***** Data extracts
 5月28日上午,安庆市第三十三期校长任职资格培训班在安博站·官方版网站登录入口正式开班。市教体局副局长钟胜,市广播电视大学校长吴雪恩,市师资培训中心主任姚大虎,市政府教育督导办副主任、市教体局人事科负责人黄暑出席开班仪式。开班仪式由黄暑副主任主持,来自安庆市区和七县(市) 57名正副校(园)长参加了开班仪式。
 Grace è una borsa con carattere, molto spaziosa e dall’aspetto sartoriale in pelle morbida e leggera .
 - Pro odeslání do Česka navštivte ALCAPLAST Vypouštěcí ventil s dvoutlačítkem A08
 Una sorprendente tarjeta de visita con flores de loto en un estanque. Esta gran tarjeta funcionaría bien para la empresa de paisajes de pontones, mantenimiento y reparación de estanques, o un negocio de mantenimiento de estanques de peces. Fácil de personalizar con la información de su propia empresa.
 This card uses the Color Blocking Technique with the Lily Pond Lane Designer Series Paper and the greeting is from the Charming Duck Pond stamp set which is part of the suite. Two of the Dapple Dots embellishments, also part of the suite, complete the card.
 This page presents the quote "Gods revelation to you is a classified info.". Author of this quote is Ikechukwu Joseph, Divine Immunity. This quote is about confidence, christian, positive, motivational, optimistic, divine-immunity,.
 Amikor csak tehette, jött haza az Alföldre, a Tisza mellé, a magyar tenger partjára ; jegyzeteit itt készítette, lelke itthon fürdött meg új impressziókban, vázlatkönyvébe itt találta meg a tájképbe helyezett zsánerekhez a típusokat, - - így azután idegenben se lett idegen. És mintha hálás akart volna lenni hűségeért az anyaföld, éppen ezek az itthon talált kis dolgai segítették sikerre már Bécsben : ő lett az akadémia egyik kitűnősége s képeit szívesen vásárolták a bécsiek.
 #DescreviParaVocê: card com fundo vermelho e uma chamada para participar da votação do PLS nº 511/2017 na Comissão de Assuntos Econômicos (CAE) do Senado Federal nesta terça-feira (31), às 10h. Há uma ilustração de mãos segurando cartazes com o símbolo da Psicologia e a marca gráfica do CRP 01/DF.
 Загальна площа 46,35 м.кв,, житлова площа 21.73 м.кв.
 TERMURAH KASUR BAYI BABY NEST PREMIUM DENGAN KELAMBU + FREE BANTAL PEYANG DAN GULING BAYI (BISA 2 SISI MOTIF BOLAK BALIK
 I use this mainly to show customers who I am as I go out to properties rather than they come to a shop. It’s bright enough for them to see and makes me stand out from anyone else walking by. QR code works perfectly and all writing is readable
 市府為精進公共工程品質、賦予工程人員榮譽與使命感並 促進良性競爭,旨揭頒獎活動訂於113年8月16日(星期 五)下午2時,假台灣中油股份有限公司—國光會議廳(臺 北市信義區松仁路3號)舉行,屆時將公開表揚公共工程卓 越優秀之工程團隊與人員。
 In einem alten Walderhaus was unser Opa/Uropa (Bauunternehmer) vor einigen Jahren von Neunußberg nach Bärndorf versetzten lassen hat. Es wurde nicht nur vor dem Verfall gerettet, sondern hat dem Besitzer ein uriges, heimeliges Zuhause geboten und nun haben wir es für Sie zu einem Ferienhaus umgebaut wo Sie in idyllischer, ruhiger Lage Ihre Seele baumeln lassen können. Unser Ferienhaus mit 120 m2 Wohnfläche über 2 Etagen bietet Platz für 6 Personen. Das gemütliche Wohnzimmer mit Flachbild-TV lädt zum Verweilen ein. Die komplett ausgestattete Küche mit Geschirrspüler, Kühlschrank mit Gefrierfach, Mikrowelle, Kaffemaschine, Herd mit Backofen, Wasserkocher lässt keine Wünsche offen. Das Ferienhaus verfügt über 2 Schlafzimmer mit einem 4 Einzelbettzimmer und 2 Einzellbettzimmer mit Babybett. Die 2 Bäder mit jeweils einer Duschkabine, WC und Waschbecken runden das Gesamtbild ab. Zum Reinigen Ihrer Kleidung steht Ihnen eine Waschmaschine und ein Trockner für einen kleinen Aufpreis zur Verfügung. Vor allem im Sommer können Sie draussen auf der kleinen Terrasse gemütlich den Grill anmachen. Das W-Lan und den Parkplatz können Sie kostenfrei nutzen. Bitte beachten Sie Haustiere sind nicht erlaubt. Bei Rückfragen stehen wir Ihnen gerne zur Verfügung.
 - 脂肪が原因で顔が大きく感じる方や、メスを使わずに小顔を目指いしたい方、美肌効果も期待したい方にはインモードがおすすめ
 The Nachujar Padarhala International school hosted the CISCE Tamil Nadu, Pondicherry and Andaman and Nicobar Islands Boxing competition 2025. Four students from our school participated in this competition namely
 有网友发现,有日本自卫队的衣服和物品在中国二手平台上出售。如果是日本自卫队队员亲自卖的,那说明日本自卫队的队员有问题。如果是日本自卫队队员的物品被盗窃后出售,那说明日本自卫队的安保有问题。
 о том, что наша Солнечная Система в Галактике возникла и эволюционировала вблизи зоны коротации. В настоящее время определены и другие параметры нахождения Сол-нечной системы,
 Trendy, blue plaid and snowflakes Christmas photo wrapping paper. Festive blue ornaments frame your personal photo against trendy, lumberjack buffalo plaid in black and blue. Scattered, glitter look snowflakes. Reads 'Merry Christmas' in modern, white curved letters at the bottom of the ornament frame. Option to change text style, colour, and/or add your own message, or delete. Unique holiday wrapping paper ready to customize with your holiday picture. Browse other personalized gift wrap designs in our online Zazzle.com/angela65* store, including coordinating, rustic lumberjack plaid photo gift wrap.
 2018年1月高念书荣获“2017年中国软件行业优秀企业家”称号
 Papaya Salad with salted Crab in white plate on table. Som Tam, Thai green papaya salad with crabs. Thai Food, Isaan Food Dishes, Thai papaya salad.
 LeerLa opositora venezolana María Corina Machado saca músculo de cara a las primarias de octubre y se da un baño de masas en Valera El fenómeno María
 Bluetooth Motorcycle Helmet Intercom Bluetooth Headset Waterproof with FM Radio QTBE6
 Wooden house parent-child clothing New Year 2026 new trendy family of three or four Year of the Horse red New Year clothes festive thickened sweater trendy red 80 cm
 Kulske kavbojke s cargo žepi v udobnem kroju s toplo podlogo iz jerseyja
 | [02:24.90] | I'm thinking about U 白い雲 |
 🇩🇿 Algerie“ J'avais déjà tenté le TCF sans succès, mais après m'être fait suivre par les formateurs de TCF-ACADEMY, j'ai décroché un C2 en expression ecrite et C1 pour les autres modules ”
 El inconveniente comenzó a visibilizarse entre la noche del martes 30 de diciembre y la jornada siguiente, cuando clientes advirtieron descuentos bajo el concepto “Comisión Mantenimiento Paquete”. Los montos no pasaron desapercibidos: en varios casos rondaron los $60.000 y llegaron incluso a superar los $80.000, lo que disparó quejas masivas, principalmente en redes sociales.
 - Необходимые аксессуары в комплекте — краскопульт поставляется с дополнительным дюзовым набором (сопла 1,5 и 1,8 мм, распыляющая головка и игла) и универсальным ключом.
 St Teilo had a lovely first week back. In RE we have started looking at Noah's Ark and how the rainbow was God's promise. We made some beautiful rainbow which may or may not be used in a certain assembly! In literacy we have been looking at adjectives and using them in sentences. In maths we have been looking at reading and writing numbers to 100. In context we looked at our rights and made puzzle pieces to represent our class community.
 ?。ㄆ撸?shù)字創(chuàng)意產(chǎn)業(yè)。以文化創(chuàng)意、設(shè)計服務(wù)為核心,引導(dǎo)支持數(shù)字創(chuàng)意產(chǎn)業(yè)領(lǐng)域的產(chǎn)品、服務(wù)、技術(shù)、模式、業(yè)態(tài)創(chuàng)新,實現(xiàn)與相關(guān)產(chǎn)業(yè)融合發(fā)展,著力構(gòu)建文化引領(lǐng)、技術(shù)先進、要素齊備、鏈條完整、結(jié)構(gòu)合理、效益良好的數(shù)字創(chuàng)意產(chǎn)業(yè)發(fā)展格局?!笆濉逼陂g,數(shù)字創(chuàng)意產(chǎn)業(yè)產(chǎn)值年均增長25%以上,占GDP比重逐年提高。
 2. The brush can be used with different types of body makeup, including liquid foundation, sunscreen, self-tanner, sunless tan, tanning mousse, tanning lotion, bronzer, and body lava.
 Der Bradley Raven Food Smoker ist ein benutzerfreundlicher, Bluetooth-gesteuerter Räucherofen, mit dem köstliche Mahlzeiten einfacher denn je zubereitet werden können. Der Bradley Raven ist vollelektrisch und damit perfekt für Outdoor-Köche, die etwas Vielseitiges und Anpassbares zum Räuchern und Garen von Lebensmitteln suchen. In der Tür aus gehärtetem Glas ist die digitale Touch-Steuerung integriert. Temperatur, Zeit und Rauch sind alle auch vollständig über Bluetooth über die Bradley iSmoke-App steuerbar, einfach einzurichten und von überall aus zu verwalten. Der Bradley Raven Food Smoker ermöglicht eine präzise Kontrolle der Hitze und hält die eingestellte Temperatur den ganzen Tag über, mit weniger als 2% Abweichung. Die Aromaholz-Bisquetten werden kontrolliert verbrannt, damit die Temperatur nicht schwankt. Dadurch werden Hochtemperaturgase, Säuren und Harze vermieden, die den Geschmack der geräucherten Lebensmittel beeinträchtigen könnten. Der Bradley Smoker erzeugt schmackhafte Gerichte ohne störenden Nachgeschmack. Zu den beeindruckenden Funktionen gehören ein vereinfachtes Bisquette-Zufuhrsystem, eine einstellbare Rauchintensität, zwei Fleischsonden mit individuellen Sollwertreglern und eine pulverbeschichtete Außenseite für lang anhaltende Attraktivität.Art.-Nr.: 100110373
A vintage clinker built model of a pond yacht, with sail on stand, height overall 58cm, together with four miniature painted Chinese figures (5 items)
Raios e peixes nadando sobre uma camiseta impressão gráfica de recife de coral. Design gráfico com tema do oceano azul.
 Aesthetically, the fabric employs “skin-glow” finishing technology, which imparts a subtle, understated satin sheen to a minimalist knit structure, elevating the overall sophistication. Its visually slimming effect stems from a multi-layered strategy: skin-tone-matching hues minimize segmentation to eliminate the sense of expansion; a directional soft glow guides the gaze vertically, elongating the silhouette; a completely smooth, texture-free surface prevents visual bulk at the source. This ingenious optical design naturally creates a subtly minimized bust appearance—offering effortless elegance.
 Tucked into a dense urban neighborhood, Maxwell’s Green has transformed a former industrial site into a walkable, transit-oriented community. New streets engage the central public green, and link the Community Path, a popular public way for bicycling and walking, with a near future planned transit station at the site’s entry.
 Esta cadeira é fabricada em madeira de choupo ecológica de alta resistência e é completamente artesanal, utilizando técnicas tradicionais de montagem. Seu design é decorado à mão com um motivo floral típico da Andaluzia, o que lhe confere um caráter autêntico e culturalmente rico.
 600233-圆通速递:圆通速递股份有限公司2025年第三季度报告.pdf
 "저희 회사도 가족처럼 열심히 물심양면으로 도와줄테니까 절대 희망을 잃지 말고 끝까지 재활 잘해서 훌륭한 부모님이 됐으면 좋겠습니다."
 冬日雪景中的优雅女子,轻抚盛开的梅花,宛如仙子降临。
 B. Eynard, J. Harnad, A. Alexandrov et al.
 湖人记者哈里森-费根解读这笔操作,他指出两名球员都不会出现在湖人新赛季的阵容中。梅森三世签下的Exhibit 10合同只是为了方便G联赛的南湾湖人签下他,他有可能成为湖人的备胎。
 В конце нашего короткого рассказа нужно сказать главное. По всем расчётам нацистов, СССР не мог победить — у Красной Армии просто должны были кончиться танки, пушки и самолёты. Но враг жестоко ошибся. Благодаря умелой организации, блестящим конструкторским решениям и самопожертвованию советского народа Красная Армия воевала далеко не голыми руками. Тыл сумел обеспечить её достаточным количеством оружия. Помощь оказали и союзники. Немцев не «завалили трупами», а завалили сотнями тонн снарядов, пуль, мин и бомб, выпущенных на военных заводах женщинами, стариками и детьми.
**********
(Task description):
Tell me how many lines in the data include "about", giving only the number.

(Solution to this problem):
2